StreamlitCloudを利用するためにはサインアップ、Githubアカウントの連携が必要です。どちらも簡単にできますので、Webアプリを作成したらぜひデプロイしてみましょう。
③Streamlit Cloudでのデプロイ手順
1.Streamlit Cloudにサインイン
以下のリンクにアクセスしてください。
https://share.streamlit.io/signup
ご覧のページが開いたら、Googleアカウント、Githubアカウント、メールアドレスのいずれかを利用してアカウントを作成します。
アカウントを作成すると以下のページに遷移します。
2.Githubアカウント連携
上記画面に遷移したらConnect Github accountをクリックしましょう。

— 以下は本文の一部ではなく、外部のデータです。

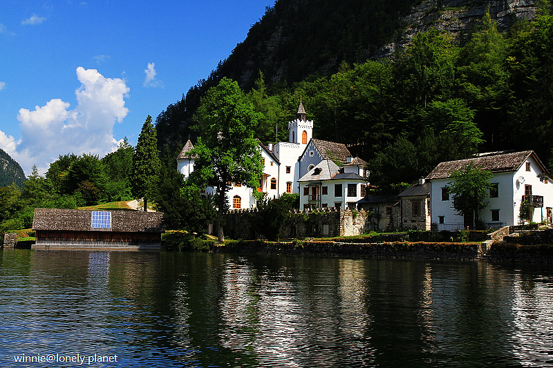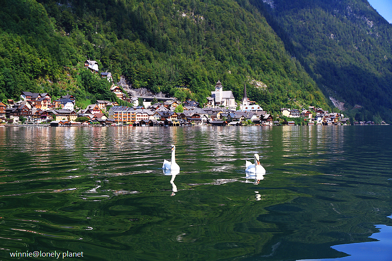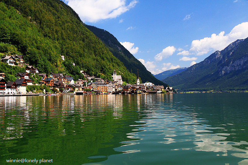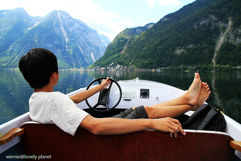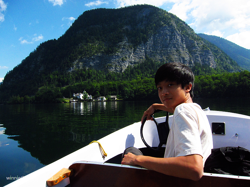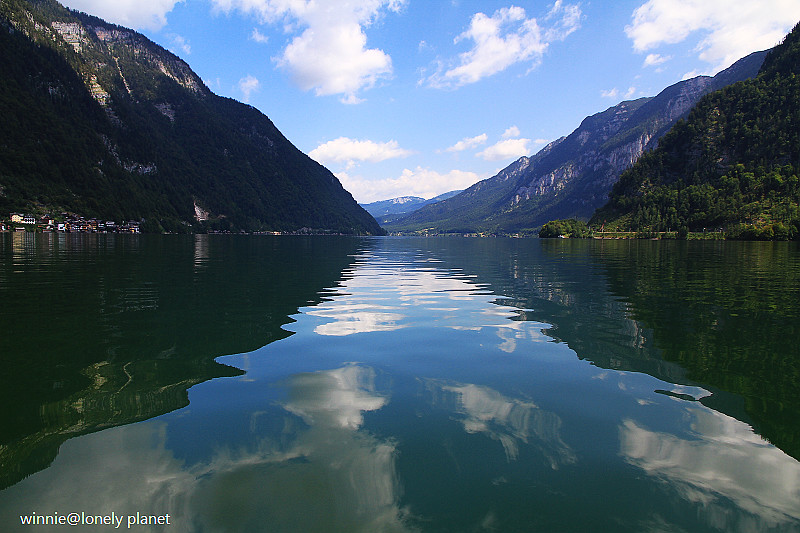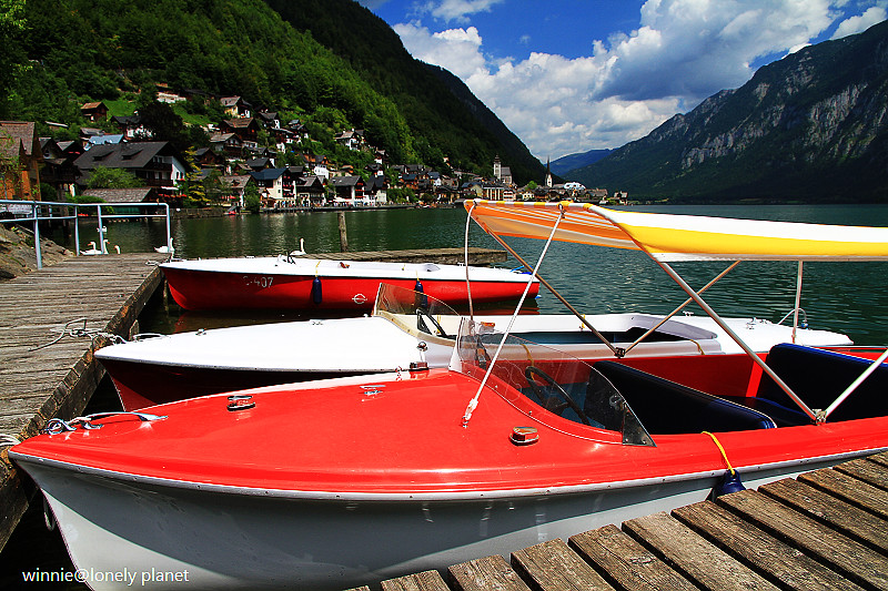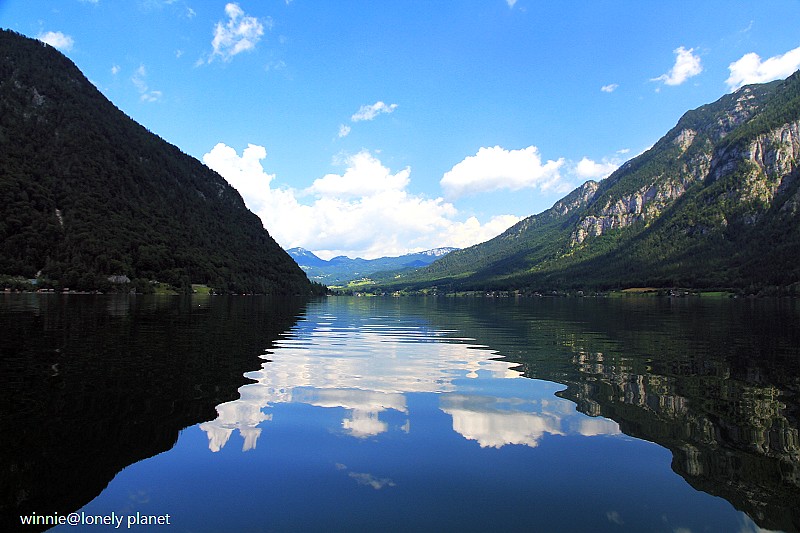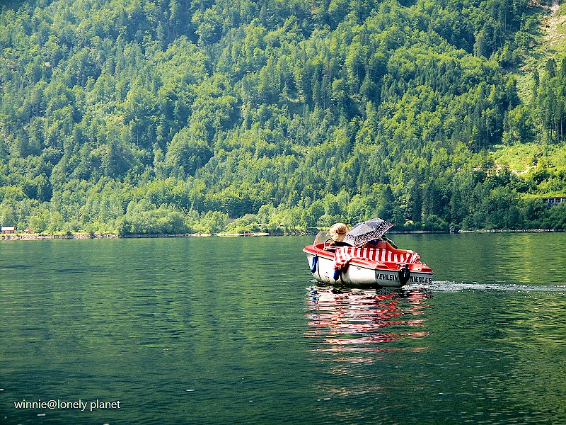 海拔3000多公尺高的壯麗山巒圍繞著Hallstatt湖,在藍天襯托下更加迷人。這種好天氣去鑽鹽洞太可惜了,我們決定租船遊湖,儘管非常炎熱,實景與倒影交疊成如夢似幻的一幅幅畫面卻成為我們最難忘的回憶。

Githubアカウントをお持ちでしたらログインするだけで連携できます。
3.GithubリポジトリにWebアプリのソースコードをアップロード
作成したソースコードをGithubにアップロードしましょう。ここではソースコードのアップロード方法は割愛します。
4.リポジトリ、ブランチ、ファイルパスを選択
Streamlitの公式ページからサインインし管理画面にログインしましょう。
管理画面の右上にあるNew appを選択します。
リポジトリ、ブランチ、実行ファイル名を入力します。
※ファイル名がapp.pyの場合はメインファイルパスにapp.pyと入力します
5.デプロイする
必要項目を入力しDeploy!をクリックするとデプロイされます。
アプリのデプロイが完了するとURLが発行されるので確認してみましょう。